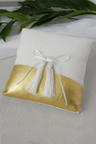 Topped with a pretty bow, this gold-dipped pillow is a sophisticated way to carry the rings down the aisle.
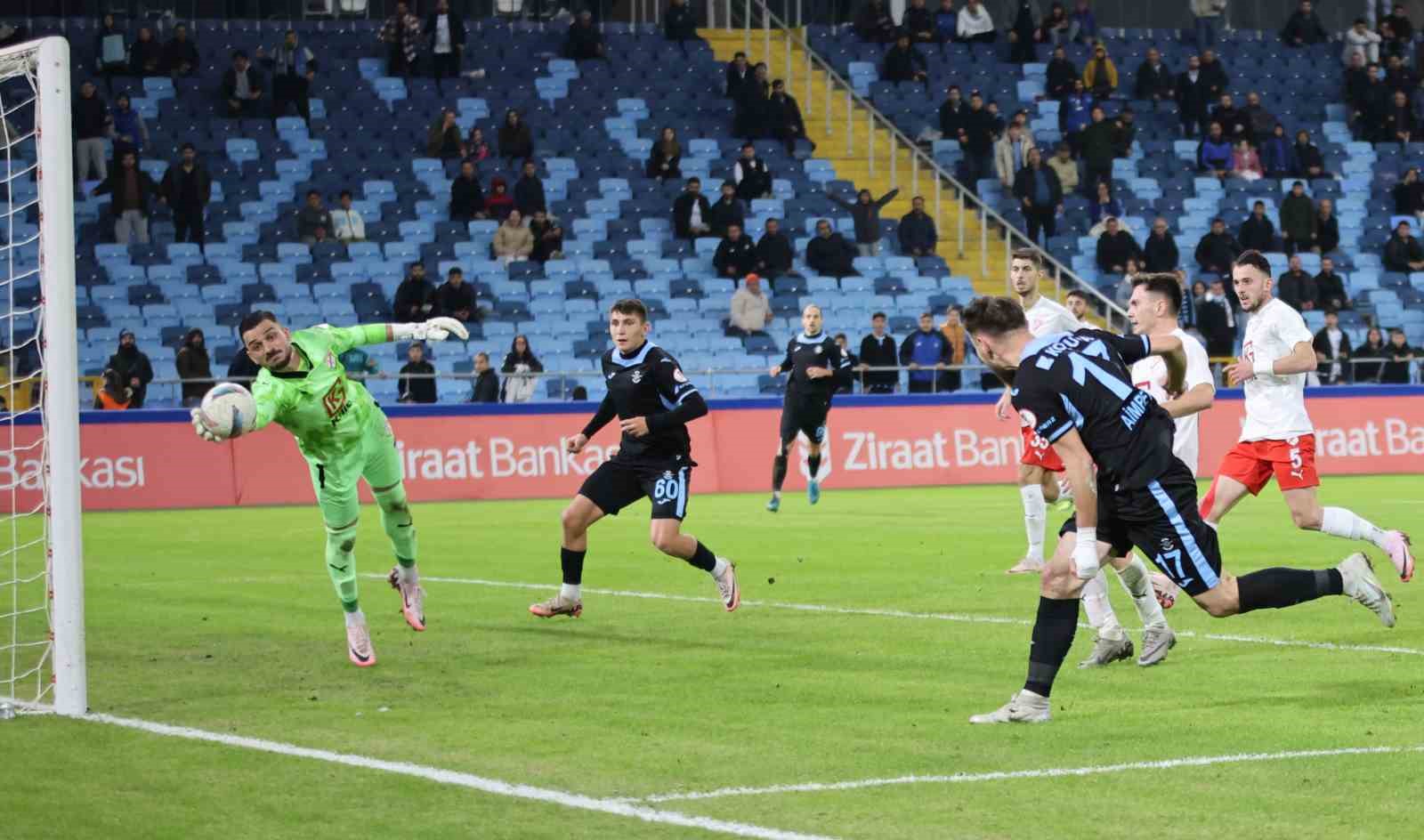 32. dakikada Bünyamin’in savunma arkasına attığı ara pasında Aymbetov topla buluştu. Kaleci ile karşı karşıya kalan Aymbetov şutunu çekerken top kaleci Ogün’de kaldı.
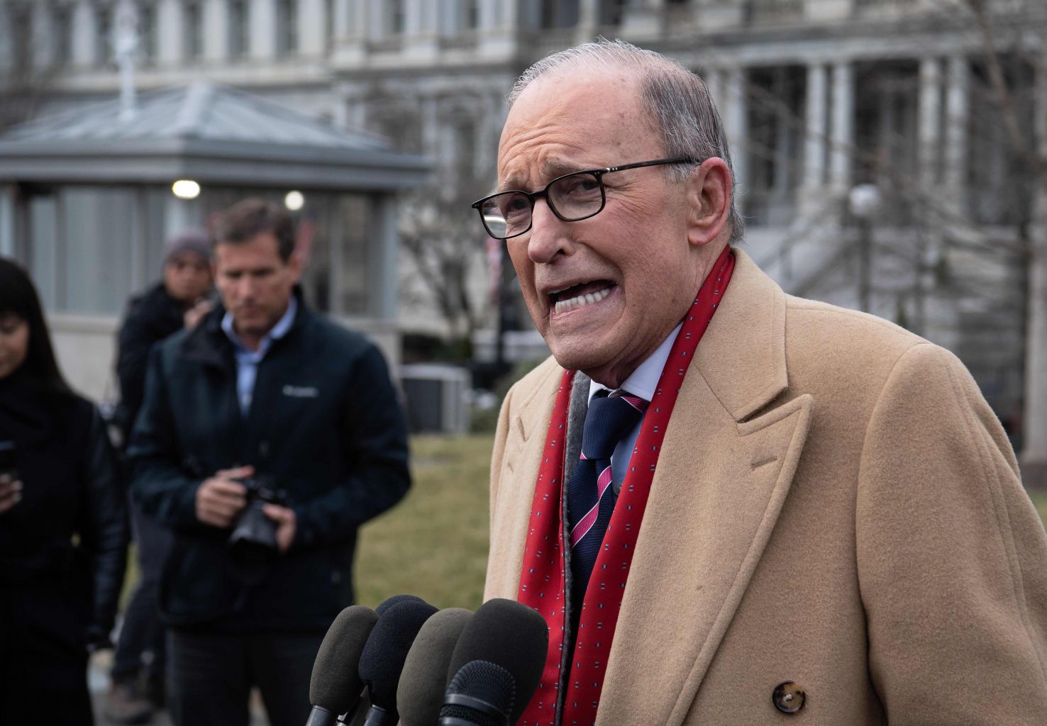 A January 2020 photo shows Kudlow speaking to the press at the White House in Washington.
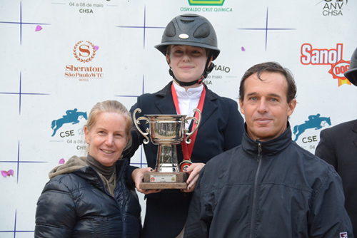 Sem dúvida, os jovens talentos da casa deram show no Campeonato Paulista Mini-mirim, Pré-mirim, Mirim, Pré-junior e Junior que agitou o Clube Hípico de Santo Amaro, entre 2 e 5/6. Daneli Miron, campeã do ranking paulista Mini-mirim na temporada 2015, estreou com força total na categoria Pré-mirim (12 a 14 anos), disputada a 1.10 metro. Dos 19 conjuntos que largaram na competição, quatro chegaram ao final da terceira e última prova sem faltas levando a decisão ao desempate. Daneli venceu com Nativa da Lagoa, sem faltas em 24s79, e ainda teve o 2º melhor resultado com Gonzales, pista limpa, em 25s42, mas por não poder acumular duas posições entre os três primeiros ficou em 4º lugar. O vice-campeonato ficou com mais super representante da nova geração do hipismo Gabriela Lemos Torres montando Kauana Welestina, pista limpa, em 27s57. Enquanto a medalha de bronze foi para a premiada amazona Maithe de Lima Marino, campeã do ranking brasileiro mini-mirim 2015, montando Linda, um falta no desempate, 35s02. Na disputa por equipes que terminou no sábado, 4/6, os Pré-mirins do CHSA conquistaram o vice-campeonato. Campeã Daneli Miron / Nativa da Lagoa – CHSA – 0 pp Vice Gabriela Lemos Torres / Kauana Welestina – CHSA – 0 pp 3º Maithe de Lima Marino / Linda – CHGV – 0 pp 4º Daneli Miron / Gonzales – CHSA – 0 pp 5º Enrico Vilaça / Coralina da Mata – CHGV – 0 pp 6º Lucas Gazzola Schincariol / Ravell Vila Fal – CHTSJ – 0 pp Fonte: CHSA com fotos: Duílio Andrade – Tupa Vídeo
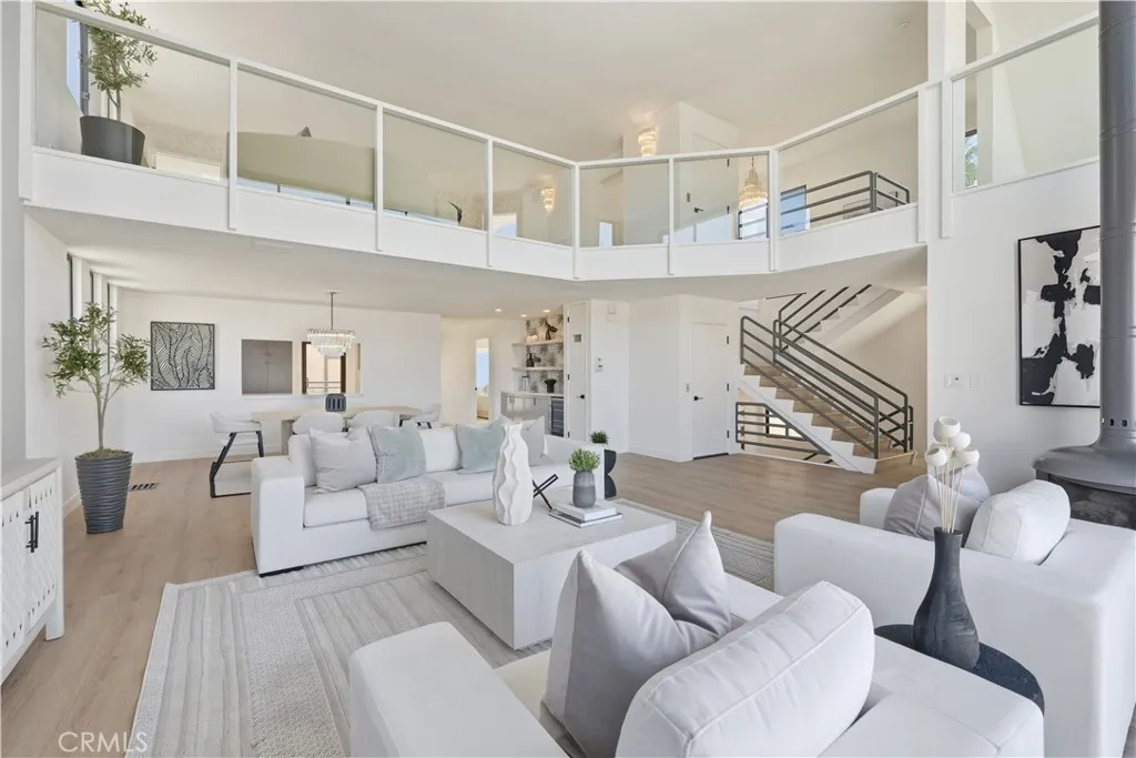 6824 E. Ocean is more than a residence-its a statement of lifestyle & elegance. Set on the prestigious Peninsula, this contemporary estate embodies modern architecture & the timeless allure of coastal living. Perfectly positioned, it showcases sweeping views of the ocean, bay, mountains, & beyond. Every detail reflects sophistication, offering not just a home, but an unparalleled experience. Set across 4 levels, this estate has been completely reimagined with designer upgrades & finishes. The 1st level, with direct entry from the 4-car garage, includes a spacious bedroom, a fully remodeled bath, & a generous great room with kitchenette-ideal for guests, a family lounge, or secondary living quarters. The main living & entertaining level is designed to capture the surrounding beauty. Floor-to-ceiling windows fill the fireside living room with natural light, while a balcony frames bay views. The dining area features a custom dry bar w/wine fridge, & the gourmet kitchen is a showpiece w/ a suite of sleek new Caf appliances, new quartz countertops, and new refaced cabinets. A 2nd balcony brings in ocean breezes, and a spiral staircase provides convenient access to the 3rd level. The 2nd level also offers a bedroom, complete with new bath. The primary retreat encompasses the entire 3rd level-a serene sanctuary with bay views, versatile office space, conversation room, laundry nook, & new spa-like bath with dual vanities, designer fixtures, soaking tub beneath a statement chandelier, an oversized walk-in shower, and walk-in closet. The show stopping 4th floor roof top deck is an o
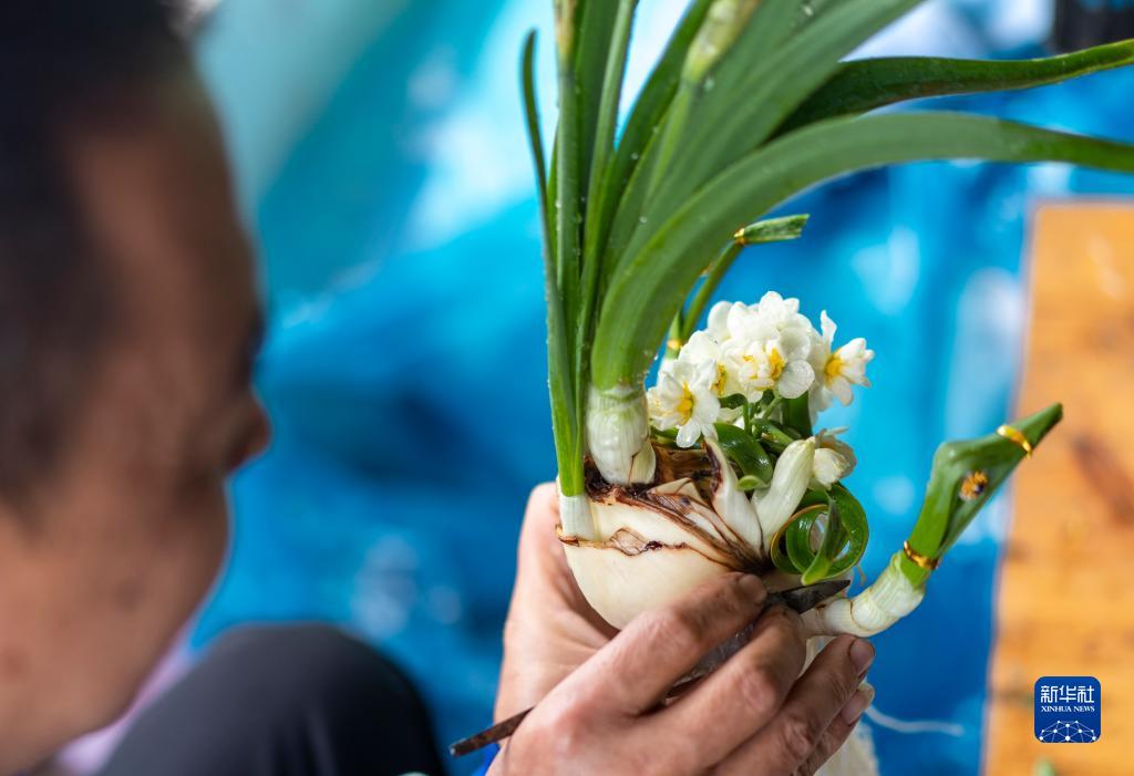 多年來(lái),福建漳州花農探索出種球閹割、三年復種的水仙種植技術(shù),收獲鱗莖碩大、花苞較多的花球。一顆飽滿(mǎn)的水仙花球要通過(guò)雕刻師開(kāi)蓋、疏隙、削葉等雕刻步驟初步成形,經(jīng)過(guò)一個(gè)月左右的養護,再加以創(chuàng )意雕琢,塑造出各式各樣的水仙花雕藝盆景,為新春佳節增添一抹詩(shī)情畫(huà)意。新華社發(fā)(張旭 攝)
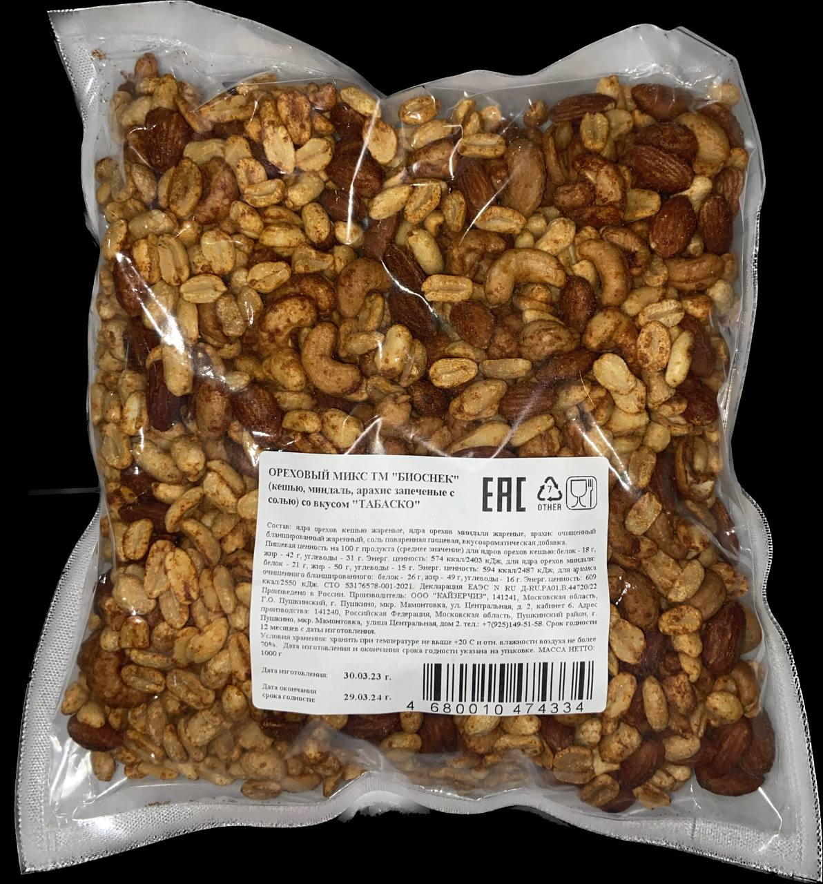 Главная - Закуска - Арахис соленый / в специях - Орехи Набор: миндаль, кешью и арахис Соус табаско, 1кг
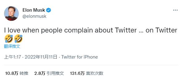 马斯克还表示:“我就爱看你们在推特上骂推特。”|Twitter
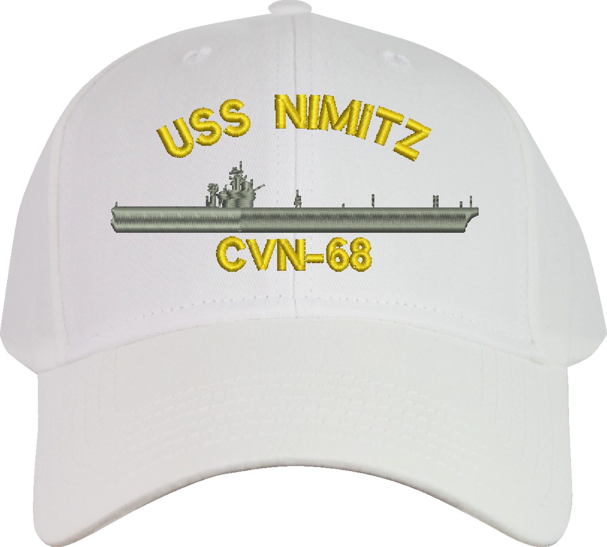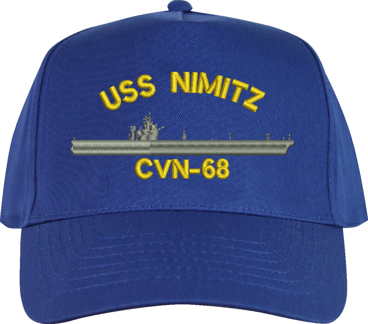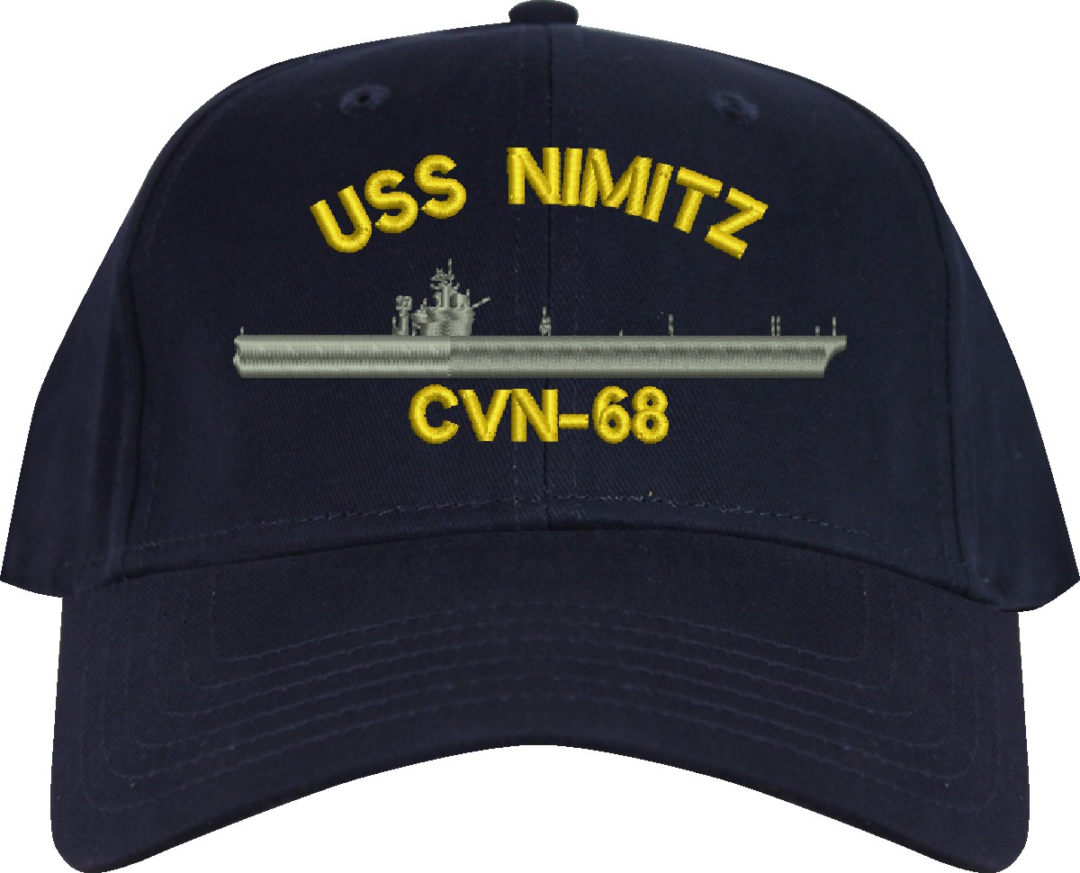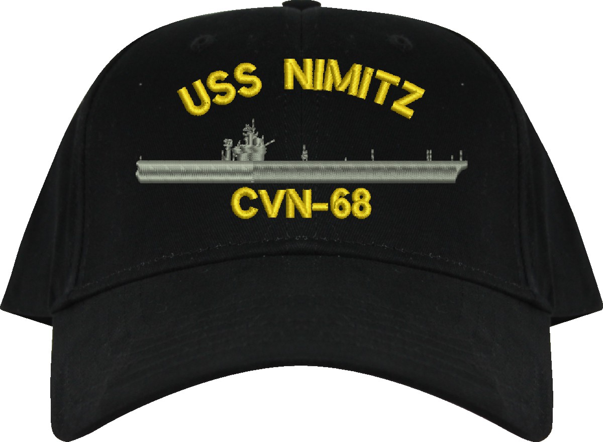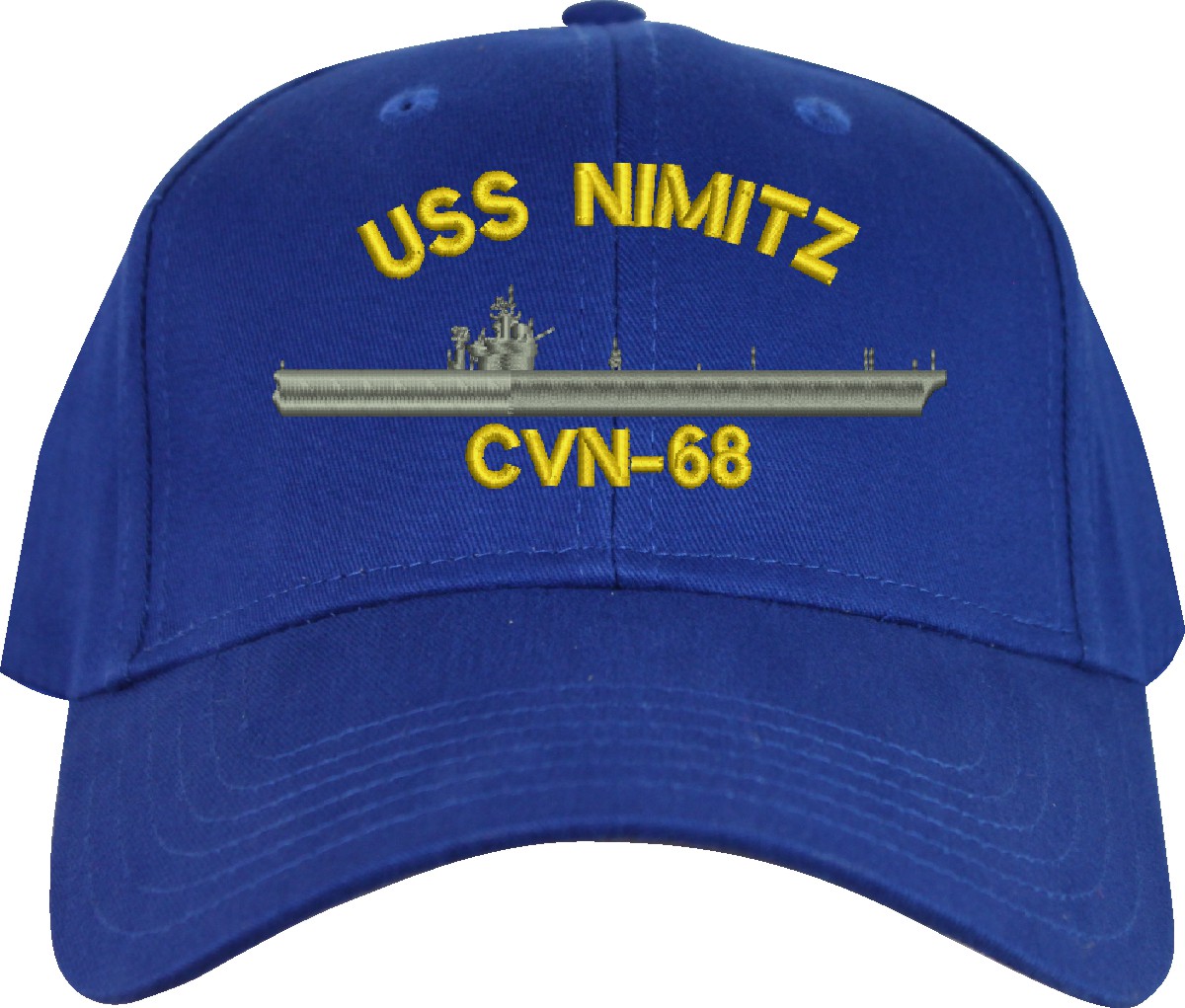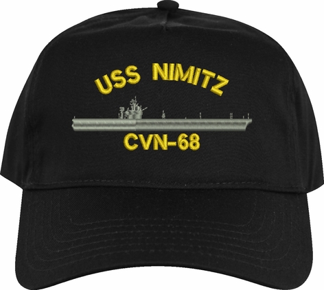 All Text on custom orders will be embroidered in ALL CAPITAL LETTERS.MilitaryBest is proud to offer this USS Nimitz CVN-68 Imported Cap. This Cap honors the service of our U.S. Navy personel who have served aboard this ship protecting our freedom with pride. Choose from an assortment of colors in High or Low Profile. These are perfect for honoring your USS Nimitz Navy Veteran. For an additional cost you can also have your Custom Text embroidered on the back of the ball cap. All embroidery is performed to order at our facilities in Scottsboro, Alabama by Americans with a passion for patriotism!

+++

PROBLEM: The exact lines from the beginning of the data through the one that contains "A January 2020" must be given again, both ends included, and pictures must be left out.

WRITTEN REPLY:
 Topped with a pretty bow, this gold-dipped pillow is a sophisticated way to carry the rings down the aisle.
 32. dakikada Bünyamin’in savunma arkasına attığı ara pasında Aymbetov topla buluştu. Kaleci ile karşı karşıya kalan Aymbetov şutunu çekerken top kaleci Ogün’de kaldı.
 A January 2020 photo shows Kudlow speaking to the press at the White House in Washington.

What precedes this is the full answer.